Ketika mereka sampai di al-Buthah, Malik bin Nuwairah sedang berdiam diri. Khalid segera mengirim mata-matanya ke sekitar al-Buthah sambil mendakwahi manusia. Para pemimpin Bani Tamim menyambutnya dengan patuh dan ta’at. Mereka juga mengeluarkan zakat kecuali Malik bin Nuwairah sendiri, dia dalam keadaan bingung untuk berbuat dan menyendiri dari manusia. Maka tentara Khalid langsung menawan Malik dan teman-temannya. Pasukan kaum rmislimin berselisih mengenai status tawanan ini.
Abu Qatadah al-Harits bin Rib’iy al-Anshari angkat bicara setelah bertasyahhud, “Sesungguhnya mereka telah mendirikan shalat.” Sementara yang lain berpendapat, “Mereka tidak mengumandangkan adzan dan tidak mengerjakan shalat.” Para tawanan itu bermalam dalam keadaan kedinginan. Salah seorang suruhan Khalid menyeru, “Hangatkanlah para tawanan kalian!” Sebagian dari tentara menganggap bahwa ini adalah isyarat untuk membunuh mereka, maka seluruh tawanan dibunuh.
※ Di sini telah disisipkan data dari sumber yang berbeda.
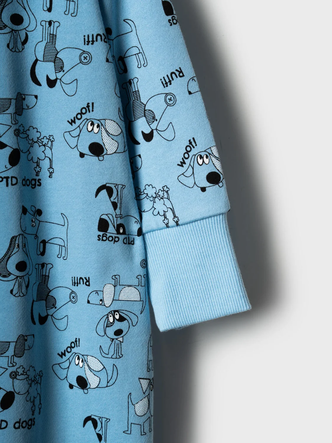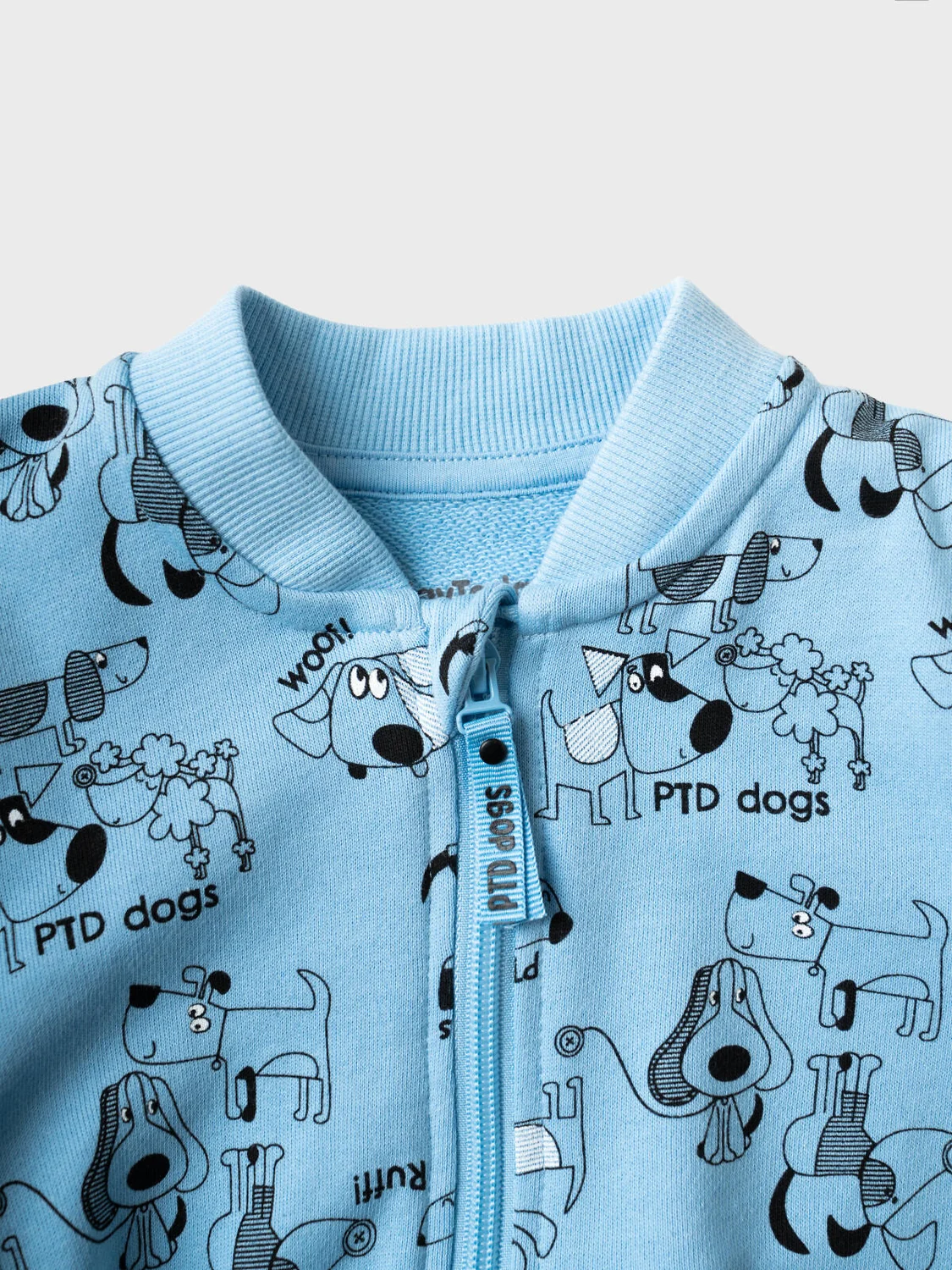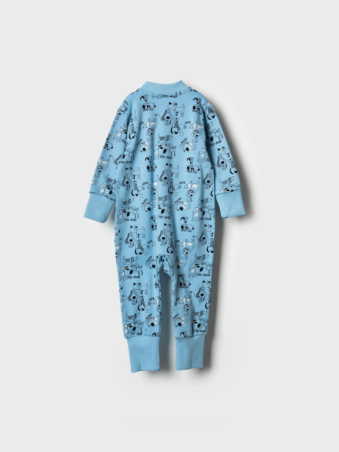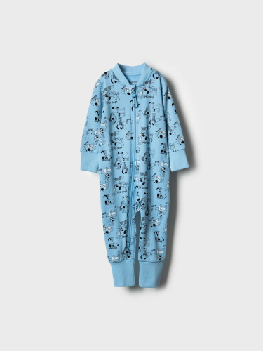 Детский комбинезон для новорождённого мальчика. Выполнен из мягкого, хлопкового трикотажа. Дизайн - весёлые принты с собаками. У комбинезона длинные рукава и штанишки, а манжеты на них выполнены из рельефного риба. Застёгивается на удобную молнию, которая идёт по диагонали, что облегчает переодевание малыша. Горловина круглая, также отделана рибом.
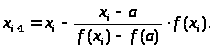 Здесь x:=x1-((b-x1)*fx(x1))/(fx(b)-fx(x1)) – рекуррентная формула,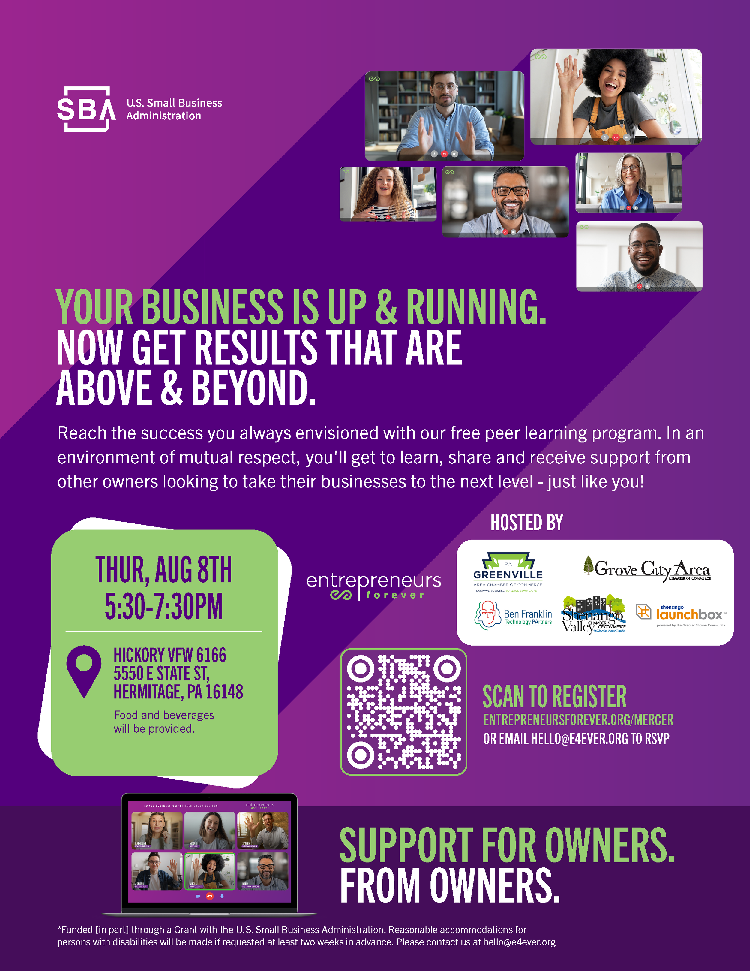 Entrepreneurs Forever Launch Event Thursday, August 8, 2024 5:30 PM 7:30 PM Hickory VFW 5550 East State Street Hermitage, PA, 16148 United States (map) Google Calendar ICS Register Here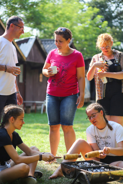 „A cserépváraljai tábor szervezése februárban kezdődött – mondta Ungár Dániel. – Munkacsoportokat alakítottunk, majd online dolgoztunk együtt, programfüzetbe gyűjtöttük össze a teendőket, s amikor augusztus elején felépítettük a tábort, a helyszínen egymás közt begyakoroltuk a programelemeket, amelyek nemcsak játékokról szólnak, hanem komoly témákat érintő csoportbeszélgetésekről is.” Bizalom, önismeret, önértékelés, testbeszéd, barátság, párkapcsolat – ilyen és ehhez hasonló témák is előkerültek a csoportműhelyekben.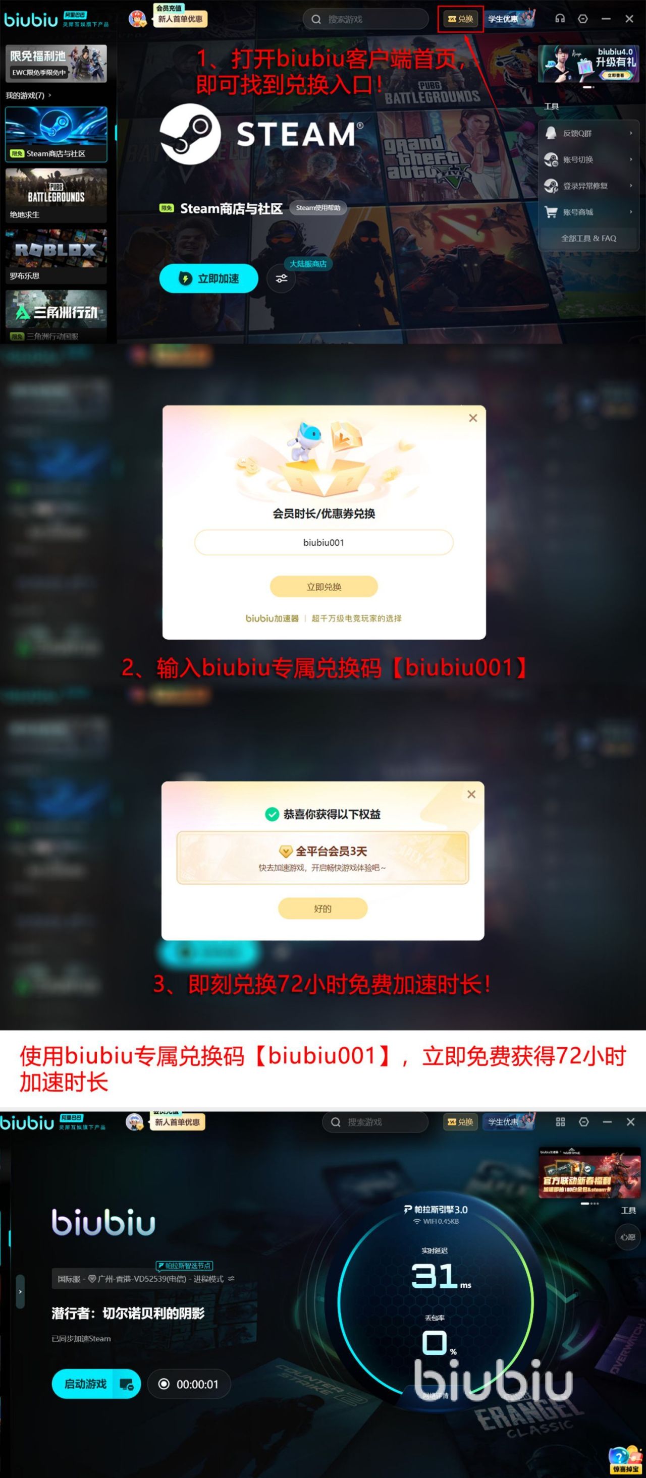全程开启biubiu加速器后,可显著降低因网络抖动引发的掉线与闪退概率。该产品由阿里巴巴灵犀互娱研发,与九游、交易猫同属其旗下核心工具类产品矩阵。新用户注册即可领取24小时免费加速时长;输入专属兑换码【biubiu001】还可额外获得三天加速权益。两项福利叠加使用,新手玩家最高可享96个小时无限制加速服务。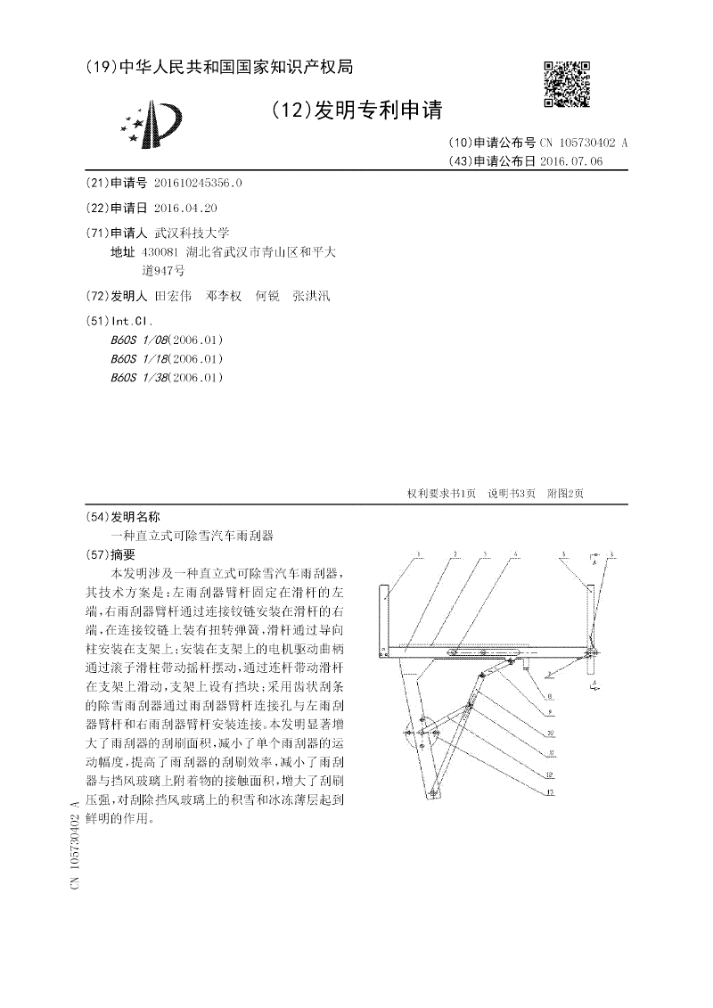 本实用新型涉及一种直立式可除雪汽车雨刮器,其技术方案是:左雨刮器臂杆(1)固定在滑杆(2)的左端,右雨刮器臂杆(5)通过连接铰链(7)安装在滑杆(2)的右端,在连接铰链(7)上装有扭转弹簧(6),滑杆(2)通过导向柱(4)安装在支架(3)上;安装在支架(3)上的电机(13)驱动曲柄(12)通过滚子滑柱(11)带动摇杆(10)摆动,通过连杆(9)带动滑杆(2)在支架(3)上滑动,支架(3)上设有挡块(8);采用齿状刮条(15)的除雪雨刮器(14)通过雨刮器臂杆连接孔(16)与左雨刮器臂杆(1)和右雨刮器臂杆(5)安装连接。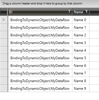 I'm binding my GridView to a custom report class with records. The `Report`class has a list of field types that is not known until runtime. It exposes an array of `Record` objects. The Record class derives from System::DynamicObject. Binding an IEnumerable<Record> to GridView is pretty easy with the AutoGenerateColumns turned on. (Note this code is C++/CLI but the client code that uses it is C#/WPF/XAML)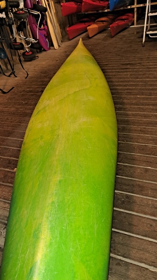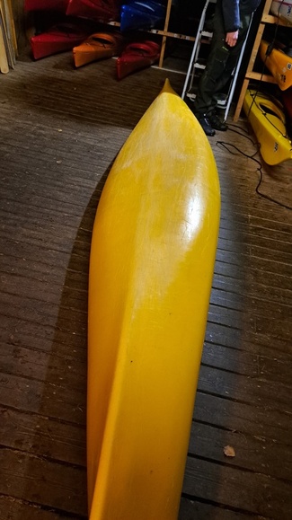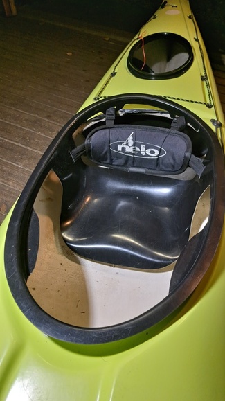 - Erittäin siistissä kunnossa ja vakaa melottava, ei juurikaan käytetty, jäänyt pyörimään ylähyllylle. Portaaton säätö jalkatuissa (eli palkit). Ei venymättömiä köysiä kannessa. Ei evää tai peräsintä.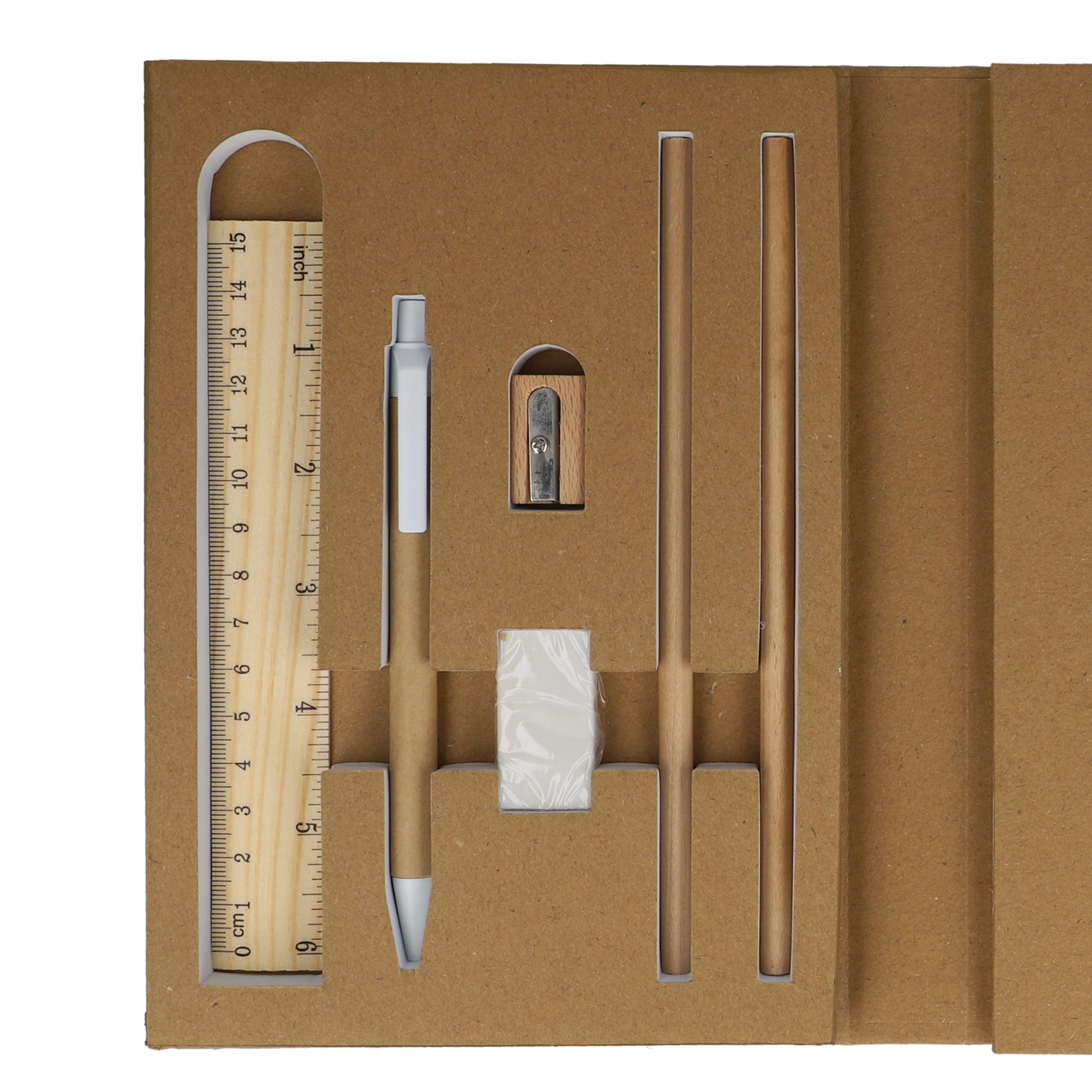 Dieses nachhaltige, dreifach gefaltete Schreibset besteht aus einem Umschlag aus 120 g / m² Recyclingpapier. Es enthält einen Notizblock mit 40 Blatt cremefarbenem Papier, 25 Blatt Memoblock, Indexstreifen in fünf Farben (je 25 Blatt), Bleistift aus Espenholz, Lineal aus Kiefernholz, Anspitzer aus Buchenholz, Tasche für Namenskarten und einen Papierstift.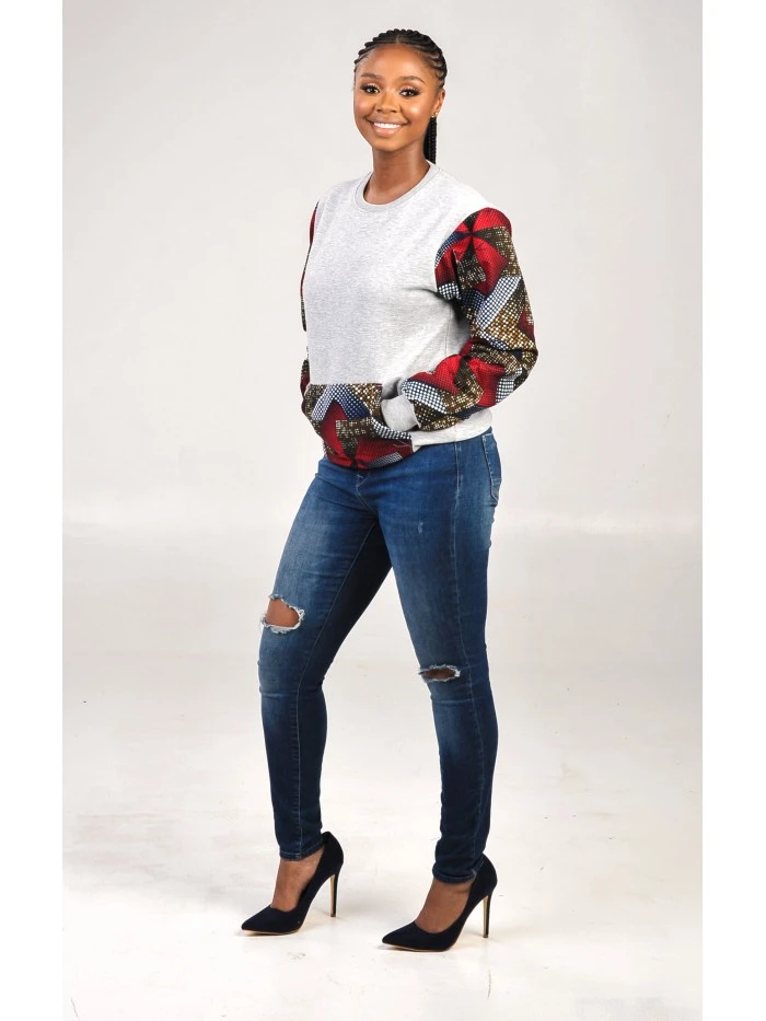 This Intersquares Pocket Sweater -Grey is a Java print; the wax is used as a laminated coating over the cotton fibers to give it that nice glossy feel Guaranteed Real African print 100% cotton / 117 gr/m² Fabrics come in a standard size of 6yards (5.5mtrs) |

Dhirar bin al-Azur [167] yang membunuh Malik bin Nuwairah. Ketika Khalid mendengar berita ini ia segera keluar menyusul mereka. Namun ternyata seluruhnya telah habis dibunuh. Khalid berkata, “Jika Allah menginginkan suatu urusan pasti akan terlaksana.”
Ada yang menyatakan bahwa Khalid memanggil Malik bin Nuwairah dan ia mencela segala yang telah dilakukan oleh Malik, mulai dari sikapnya yang mengikuti Sajah dan tidak mau membayar zakat, Khalid berkata, “Tidakkah engkau tahu bahwa zakat itu seiring dengan shalat?” Malik menjawab, “Begitulah yang dikatakan oleh sahabat kalian.” Khalid berkata, “Berarti ia adalah sahabat kami dan bukan sahabatmu? Wahai Dhirar penggallah lehernya!” Maka lehernya segera dipenggal, ketika itu Abu Qatadah mempermasalahkan perbuatan Khalid terhadap Malik hingga akhirnya Abu Qatadah melaporkan Khalid kepada Abu Bakar. Umar berbincang dengan Abu Qatadah tentang masalah Khalid ini hingga Umar berkata kepada Abu Bakar, “Copotlah Khalid dari jabatannya! Sesungguhnya pedangnya terlam-pau mudah mencabut nyawa orang.” Namun Abu Bakar menjawab, “Aku tidak akan menyarungkan pedang yang dihunus Allah terhadap Orang kafir.” Setelah itu datang Mutammin bin Nuwairah melaporkan perbuatan Khalid. Umar membantunya hingga akhirnya Abu Bakar ash-Shiddiq ra. “membayar diyat untuknya dari harta pribadinya.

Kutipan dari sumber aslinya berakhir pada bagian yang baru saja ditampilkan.